WORK TO BE COMPLETED
The entries must be repeated verbatim, and their images left out.

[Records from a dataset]
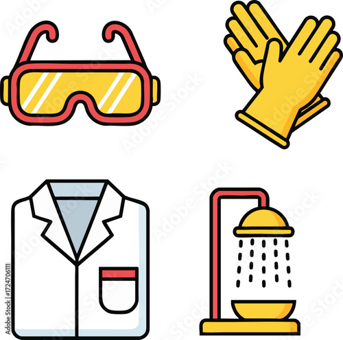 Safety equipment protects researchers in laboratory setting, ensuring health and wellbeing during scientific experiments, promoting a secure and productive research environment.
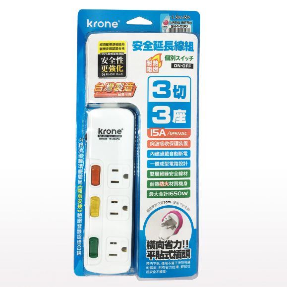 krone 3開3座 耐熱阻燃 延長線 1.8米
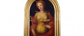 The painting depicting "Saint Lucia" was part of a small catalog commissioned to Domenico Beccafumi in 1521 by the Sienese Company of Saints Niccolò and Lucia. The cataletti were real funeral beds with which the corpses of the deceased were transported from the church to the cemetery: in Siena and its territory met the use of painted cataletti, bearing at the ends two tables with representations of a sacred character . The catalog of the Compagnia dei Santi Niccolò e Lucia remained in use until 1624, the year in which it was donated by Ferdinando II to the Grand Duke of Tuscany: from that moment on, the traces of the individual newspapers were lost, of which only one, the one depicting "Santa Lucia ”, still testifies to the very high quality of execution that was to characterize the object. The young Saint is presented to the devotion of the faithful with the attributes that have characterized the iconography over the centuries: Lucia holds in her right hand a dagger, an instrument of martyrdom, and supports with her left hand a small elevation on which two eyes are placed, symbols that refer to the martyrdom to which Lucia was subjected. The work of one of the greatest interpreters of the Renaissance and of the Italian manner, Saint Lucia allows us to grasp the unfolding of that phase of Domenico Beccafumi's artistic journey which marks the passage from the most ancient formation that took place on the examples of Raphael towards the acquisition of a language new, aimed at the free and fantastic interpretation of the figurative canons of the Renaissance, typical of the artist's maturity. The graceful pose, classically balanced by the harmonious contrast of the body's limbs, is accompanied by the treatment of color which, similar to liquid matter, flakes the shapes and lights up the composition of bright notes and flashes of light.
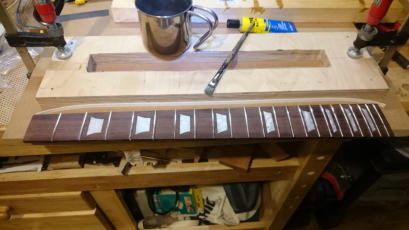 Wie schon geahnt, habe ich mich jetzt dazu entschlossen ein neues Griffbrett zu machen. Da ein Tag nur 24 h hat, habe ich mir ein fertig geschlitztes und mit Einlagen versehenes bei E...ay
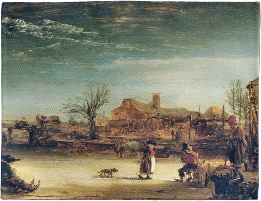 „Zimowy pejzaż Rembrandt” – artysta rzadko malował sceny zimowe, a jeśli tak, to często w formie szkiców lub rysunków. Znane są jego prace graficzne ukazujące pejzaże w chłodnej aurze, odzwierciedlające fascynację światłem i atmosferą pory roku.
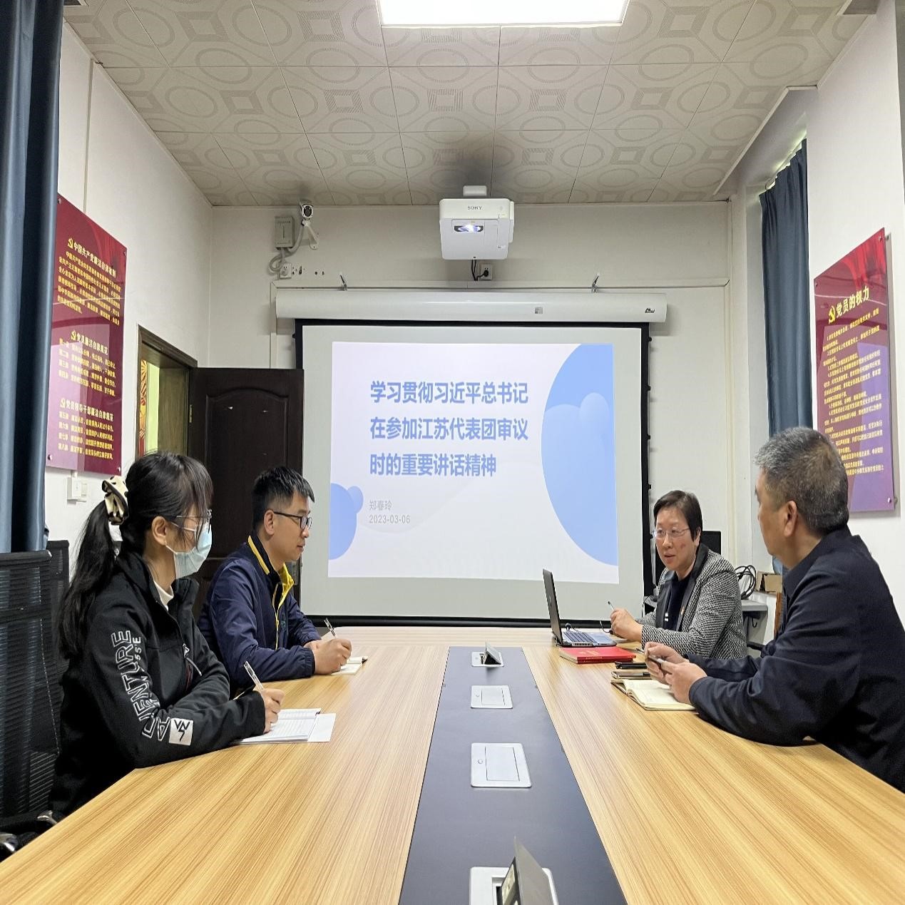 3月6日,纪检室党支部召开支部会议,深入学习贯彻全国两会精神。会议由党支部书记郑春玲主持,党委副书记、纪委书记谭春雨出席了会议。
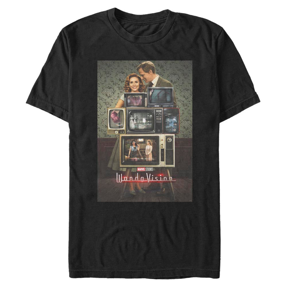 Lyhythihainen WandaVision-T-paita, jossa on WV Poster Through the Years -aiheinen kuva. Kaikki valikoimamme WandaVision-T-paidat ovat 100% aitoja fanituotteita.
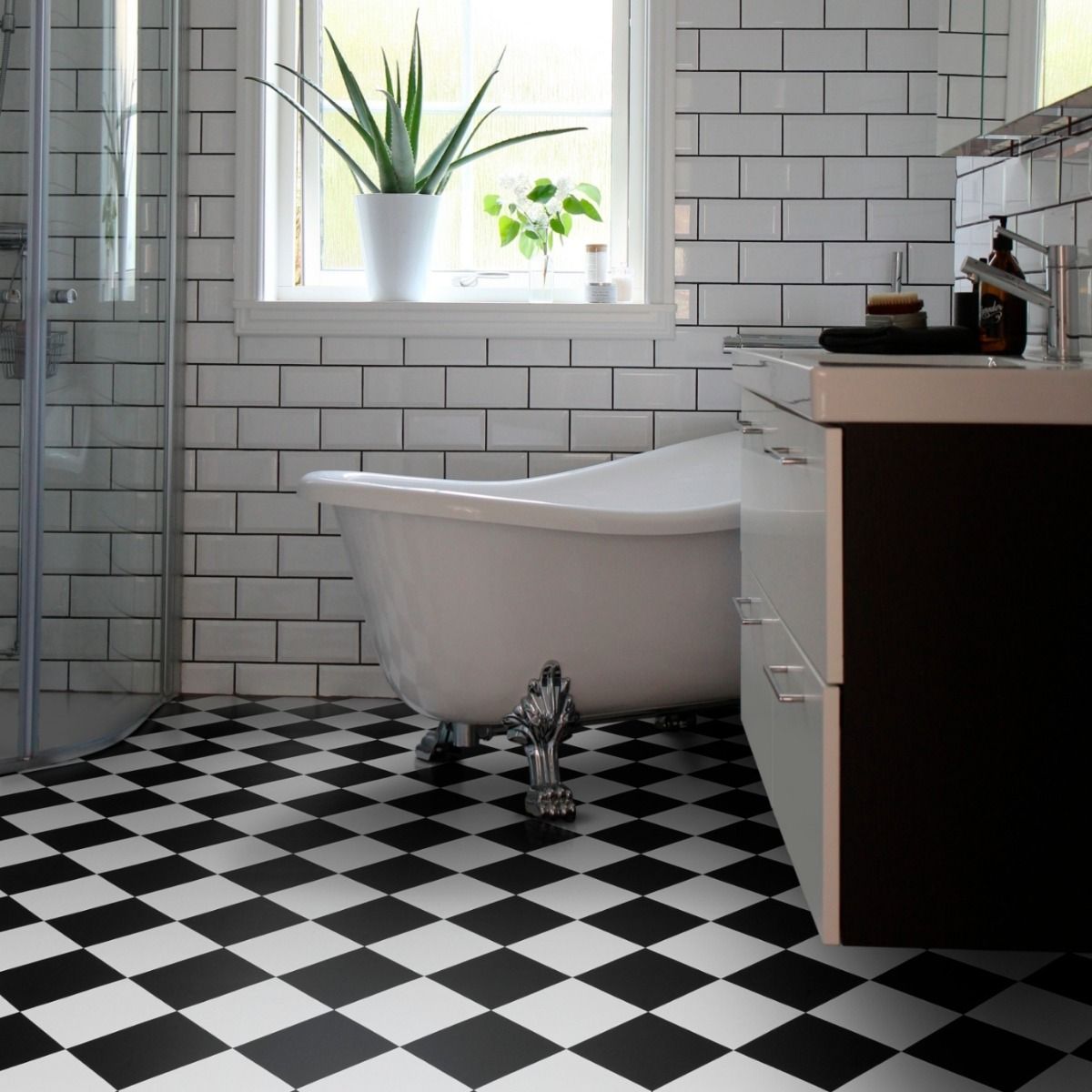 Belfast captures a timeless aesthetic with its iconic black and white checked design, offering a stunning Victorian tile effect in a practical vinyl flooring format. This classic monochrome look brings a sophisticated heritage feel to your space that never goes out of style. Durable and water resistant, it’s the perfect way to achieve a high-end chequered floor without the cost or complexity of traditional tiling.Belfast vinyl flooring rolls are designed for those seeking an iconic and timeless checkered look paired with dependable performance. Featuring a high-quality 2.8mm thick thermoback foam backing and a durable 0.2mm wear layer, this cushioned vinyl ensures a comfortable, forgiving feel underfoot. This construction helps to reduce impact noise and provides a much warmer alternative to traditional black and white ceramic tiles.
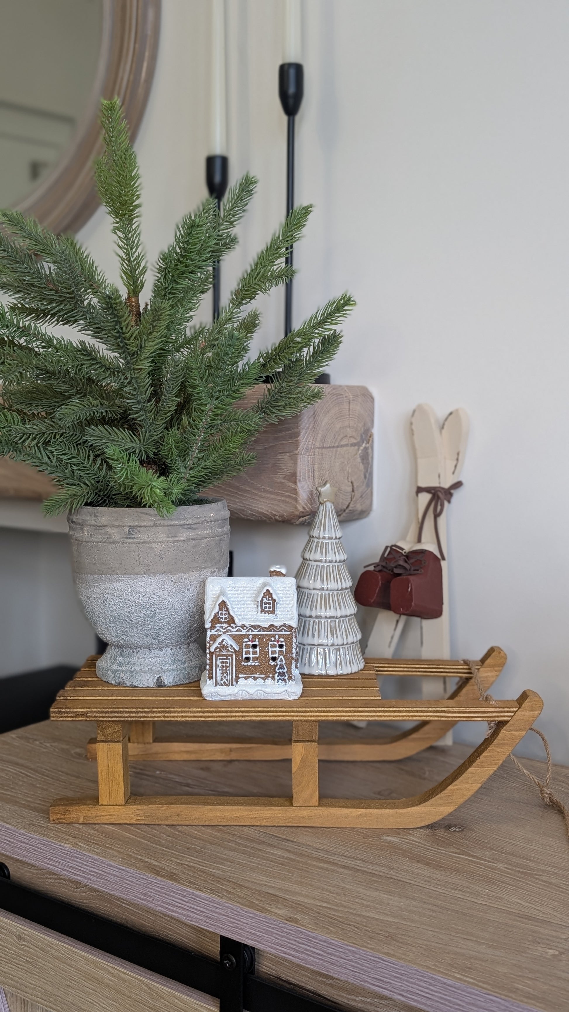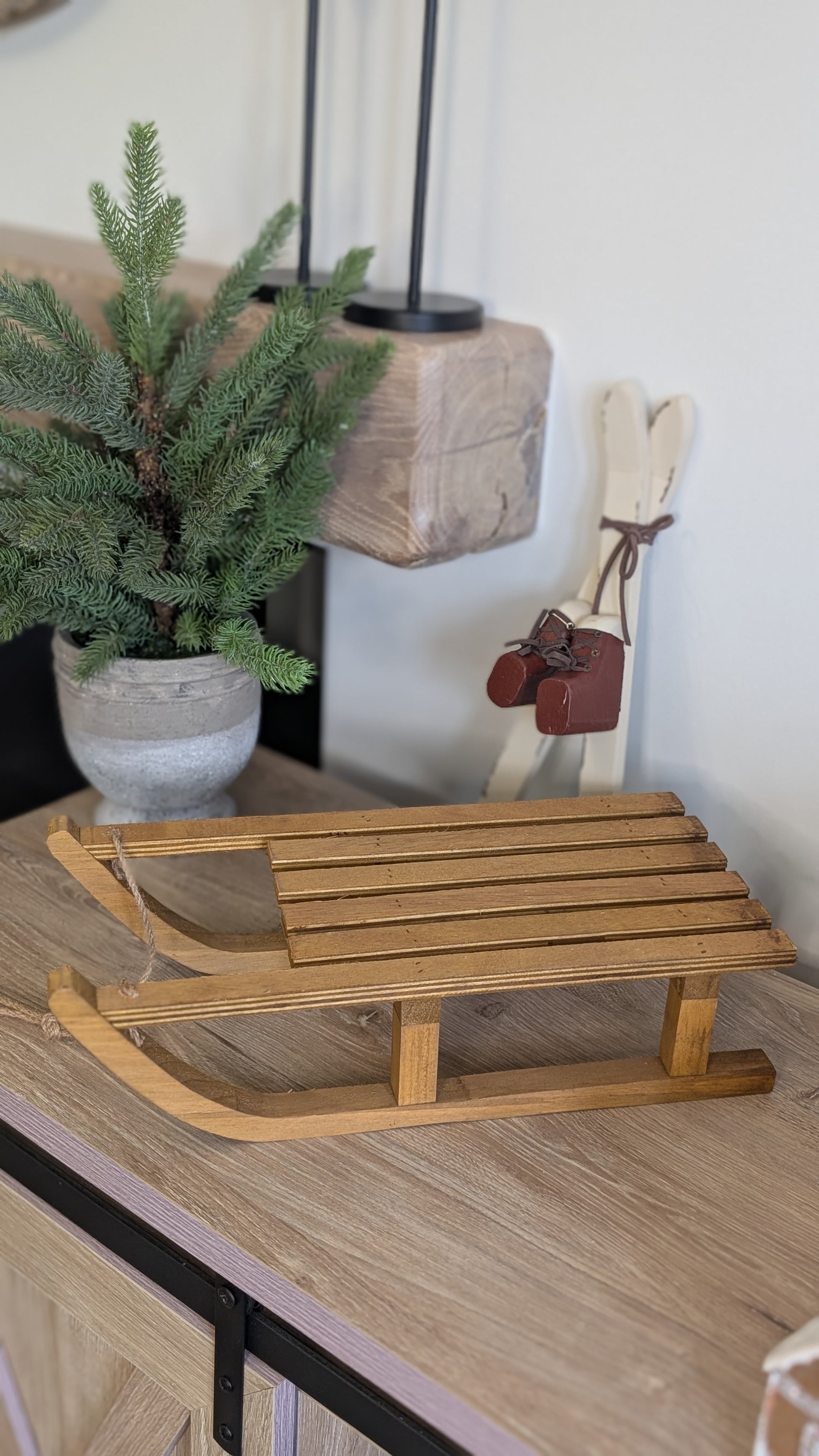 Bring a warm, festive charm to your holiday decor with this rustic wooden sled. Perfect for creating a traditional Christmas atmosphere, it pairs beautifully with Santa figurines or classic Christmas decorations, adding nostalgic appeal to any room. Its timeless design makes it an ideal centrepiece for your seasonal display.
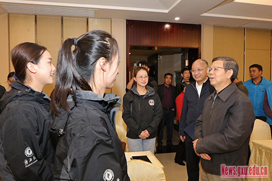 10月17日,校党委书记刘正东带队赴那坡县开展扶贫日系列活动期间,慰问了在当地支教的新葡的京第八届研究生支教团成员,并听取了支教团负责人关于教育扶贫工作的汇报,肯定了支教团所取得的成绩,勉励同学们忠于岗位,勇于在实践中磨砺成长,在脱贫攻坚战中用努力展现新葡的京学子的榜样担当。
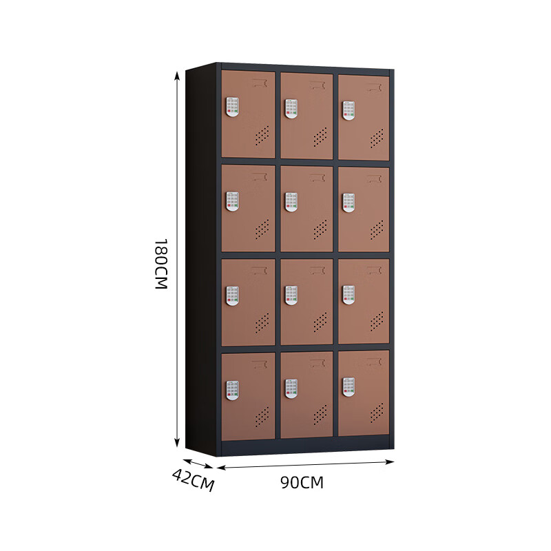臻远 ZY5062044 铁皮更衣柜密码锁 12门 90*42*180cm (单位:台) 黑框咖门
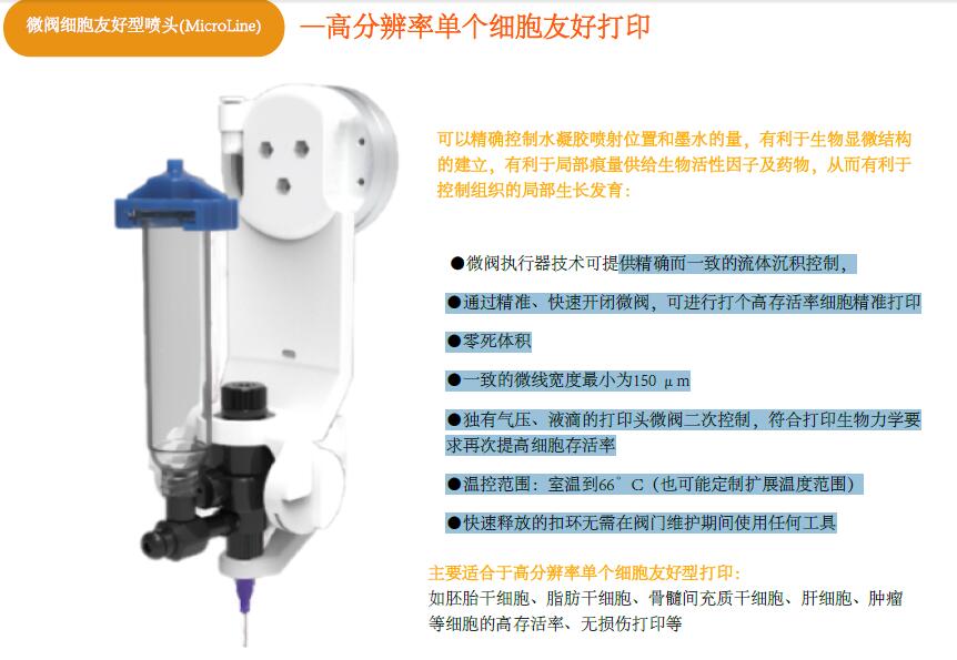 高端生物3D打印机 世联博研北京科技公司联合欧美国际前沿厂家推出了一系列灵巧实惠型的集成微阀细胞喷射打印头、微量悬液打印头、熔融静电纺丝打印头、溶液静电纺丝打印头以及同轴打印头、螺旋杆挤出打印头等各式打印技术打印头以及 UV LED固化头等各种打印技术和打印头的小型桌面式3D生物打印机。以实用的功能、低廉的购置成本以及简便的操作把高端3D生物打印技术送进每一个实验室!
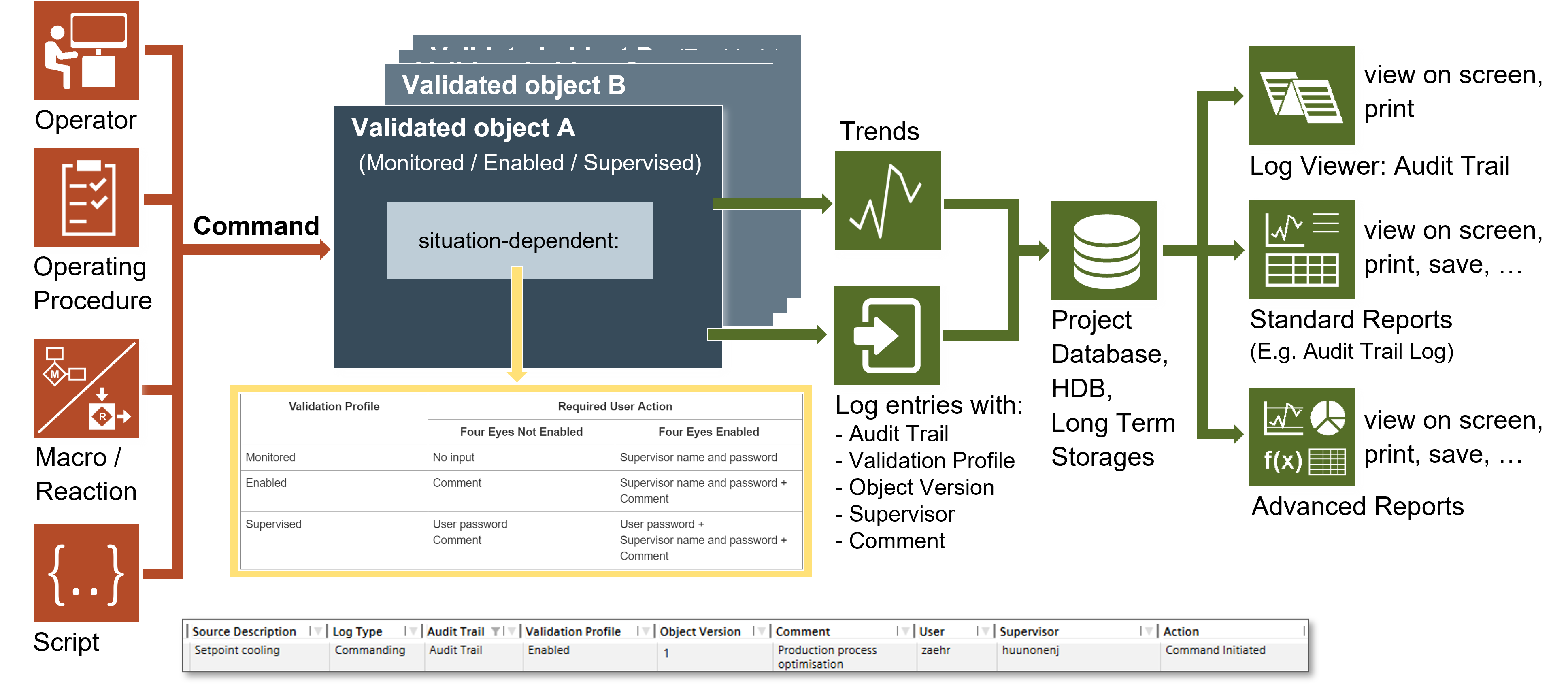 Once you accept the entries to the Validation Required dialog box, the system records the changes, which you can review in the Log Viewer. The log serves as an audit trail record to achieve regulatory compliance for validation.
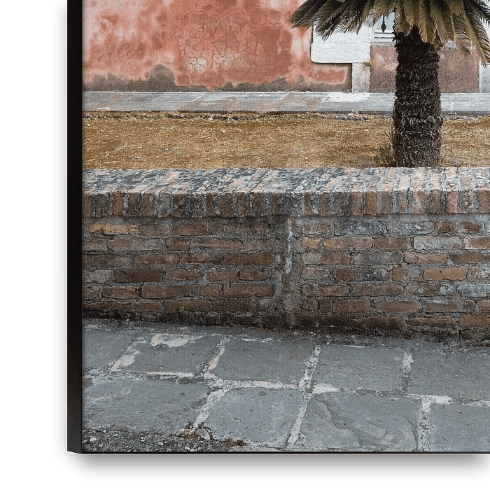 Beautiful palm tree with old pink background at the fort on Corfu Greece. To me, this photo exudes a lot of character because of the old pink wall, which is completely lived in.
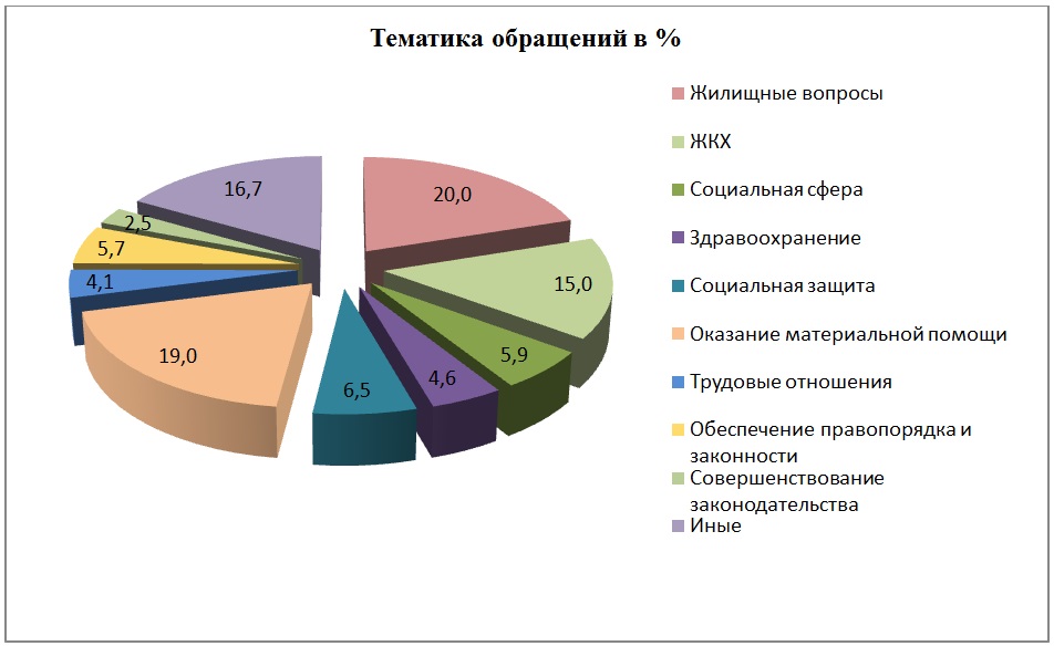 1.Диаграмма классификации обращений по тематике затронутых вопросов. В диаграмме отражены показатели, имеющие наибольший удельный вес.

ANSWER TO THE EXERCISE
 Safety equipment protects researchers in laboratory setting, ensuring health and wellbeing during scientific experiments, promoting a secure and productive research environment.
 krone 3開3座 耐熱阻燃 延長線 1.8米
 The painting depicting "Saint Lucia" was part of a small catalog commissioned to Domenico Beccafumi in 1521 by the Sienese Company of Saints Niccolò and Lucia. The cataletti were real funeral beds with which the corpses of the deceased were transported from the church to the cemetery: in Siena and its territory met the use of painted cataletti, bearing at the ends two tables with representations of a sacred character . The catalog of the Compagnia dei Santi Niccolò e Lucia remained in use until 1624, the year in which it was donated by Ferdinando II to the Grand Duke of Tuscany: from that moment on, the traces of the individual newspapers were lost, of which only one, the one depicting "Santa Lucia ”, still testifies to the very high quality of execution that was to characterize the object. The young Saint is presented to the devotion of the faithful with the attributes that have characterized the iconography over the centuries: Lucia holds in her right hand a dagger, an instrument of martyrdom, and supports with her left hand a small elevation on which two eyes are placed, symbols that refer to the martyrdom to which Lucia was subjected. The work of one of the greatest interpreters of the Renaissance and of the Italian manner, Saint Lucia allows us to grasp the unfolding of that phase of Domenico Beccafumi's artistic journey which marks the passage from the most ancient formation that took place on the examples of Raphael towards the acquisition of a language new, aimed at the free and fantastic interpretation of the figurative canons of the Renaissance, typical of the artist's maturity. The graceful pose, classically balanced by the harmonious contrast of the body's limbs, is accompanied by the treatment of color which, similar to liquid matter, flakes the shapes and lights up the composition of bright notes and flashes of light.
 Wie schon geahnt, habe ich mich jetzt dazu entschlossen ein neues Griffbrett zu machen. Da ein Tag nur 24 h hat, habe ich mir ein fertig geschlitztes und mit Einlagen versehenes bei E...ay
 „Zimowy pejzaż Rembrandt” – artysta rzadko malował sceny zimowe, a jeśli tak, to często w formie szkiców lub rysunków. Znane są jego prace graficzne ukazujące pejzaże w chłodnej aurze, odzwierciedlające fascynację światłem i atmosferą pory roku.
 3月6日,纪检室党支部召开支部会议,深入学习贯彻全国两会精神。会议由党支部书记郑春玲主持,党委副书记、纪委书记谭春雨出席了会议。
 Lyhythihainen WandaVision-T-paita, jossa on WV Poster Through the Years -aiheinen kuva. Kaikki valikoimamme WandaVision-T-paidat ovat 100% aitoja fanituotteita.
 Belfast captures a timeless aesthetic with its iconic black and white checked design, offering a stunning Victorian tile effect in a practical vinyl flooring format. This classic monochrome look brings a sophisticated heritage feel to your space that never goes out of style. Durable and water resistant, it’s the perfect way to achieve a high-end chequered floor without the cost or complexity of traditional tiling.Belfast vinyl flooring rolls are designed for those seeking an iconic and timeless checkered look paired with dependable performance. Featuring a high-quality 2.8mm thick thermoback foam backing and a durable 0.2mm wear layer, this cushioned vinyl ensures a comfortable, forgiving feel underfoot. This construction helps to reduce impact noise and provides a much warmer alternative to traditional black and white ceramic tiles.
 Bring a warm, festive charm to your holiday decor with this rustic wooden sled. Perfect for creating a traditional Christmas atmosphere, it pairs beautifully with Santa figurines or classic Christmas decorations, adding nostalgic appeal to any room. Its timeless design makes it an ideal centrepiece for your seasonal display.
 10月17日,校党委书记刘正东带队赴那坡县开展扶贫日系列活动期间,慰问了在当地支教的新葡的京第八届研究生支教团成员,并听取了支教团负责人关于教育扶贫工作的汇报,肯定了支教团所取得的成绩,勉励同学们忠于岗位,勇于在实践中磨砺成长,在脱贫攻坚战中用努力展现新葡的京学子的榜样担当。
臻远 ZY5062044 铁皮更衣柜密码锁 12门 90*42*180cm (单位:台) 黑框咖门
 高端生物3D打印机 世联博研北京科技公司联合欧美国际前沿厂家推出了一系列灵巧实惠型的集成微阀细胞喷射打印头、微量悬液打印头、熔融静电纺丝打印头、溶液静电纺丝打印头以及同轴打印头、螺旋杆挤出打印头等各式打印技术打印头以及 UV LED固化头等各种打印技术和打印头的小型桌面式3D生物打印机。以实用的功能、低廉的购置成本以及简便的操作把高端3D生物打印技术送进每一个实验室!
 Once you accept the entries to the Validation Required dialog box, the system records the changes, which you can review in the Log Viewer. The log serves as an audit trail record to achieve regulatory compliance for validation.
 Beautiful palm tree with old pink background at the fort on Corfu Greece. To me, this photo exudes a lot of character because of the old pink wall, which is completely lived in.
 1.Диаграмма классификации обращений по тематике затронутых вопросов. В диаграмме отражены показатели, имеющие наибольший удельный вес.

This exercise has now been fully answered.